Bülent Ersoy'un "ben kadınım ayol!" dediğini ne zaman duysam... Sanki koca bir ülkenin hafızasının; onlarca film, yüzlerce gazete kupürü, binlerce fotoğraflık arşivinin bir anda silinmesini ve sadece biyolojik bir kadın olarak bilinmeyi istiyor hissine kapılırım ve onun için üzülürüm... Bu birçok transseksüelin en büyük dileğidir: "kimse bilmeden her şey bir an önce olsun bitsin ben de kadın/erkek kimliğimle yaşayayım." Bana öyle gelir ki; hayatlarının bir yarısından vazgeçmek isterler. Kendi kendilerini ötekileştirdiklerinden üstelik... Farkında olmadan...
Açıkçası ben hiçbir zaman onlardan biri olmadım. Ben farklı olmakla övünüyorum, farklı olmasaydım bunun üstüne bu kadar düşünmez herkesin yaptığı hataları yapardım, diyorum. Ben gözlemliyor ve sorguluyorum, kendi erkekliğimi kendim kuruyorum.

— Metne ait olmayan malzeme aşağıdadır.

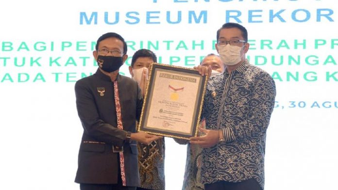 SuaraPemerintah.ID – Pemerintah Provinsi Jawa Barat (Jabar) terima penghargaan Museum Rekor Indonesia (MURI) dalam Kategori Perlindungan Program Jamsostek untuk Tenaga Pendidik Keagamaan Terbanyak Tingkat Nasional. Penghargaan ini diterima langsung Gubernur Jabar, Ridwan Kamil di Hotel Pullman, Kota Bandung, Senin (30/8/21).

Cisgender (beden cinsiyeti ve cinsel kimliği uyumlu)  olsaydım "oğlum", "koçum", "aslanım"larla büyüyecektim ve sürekli pohpohlanan bir yerden kurulacaktı erkeklik benim için. Oysa bana sürekli "kızlar öyle yapmaz", "erkek gibi davranma", "saçını oğlan saçı gibi kestirme" dendi. Ben itirazlar üzerine kurdum erkekliğimi, bir kontra atak gibi. Aşağı yukarı tüm transseksüellerin hikayesi de benimki gibi değil mi? Kontra'yız hepimiz, trans zaten biraz da bu demek. O yüzden öyle transı baştan atıp sadece kadın/erkek demekle olmaz o iş...
"Trans erkek/kadın demek üçüncü bir tür yaratıyor gibi geliyor bazen, sonradan olmuş, imitasyon gibi bir vurgu yapıyor." diyenler var, haklılar. Negatif anlamlar yüklerseniz yapıyor bunları elbette.Velev ki ben "trans"a çok pozitif anlamlar yüklüyorum. Bir de düşüncelerinizin odağına penisi koyarsanız yapıyor o imitasyon vurgusunu. Ben odağa kişisel tarihimi koyuyorum.Geçmişimle, bunun bana kattıklarıyla cinsel kimliğimi tanımlamaktan da övünç duyuyorum.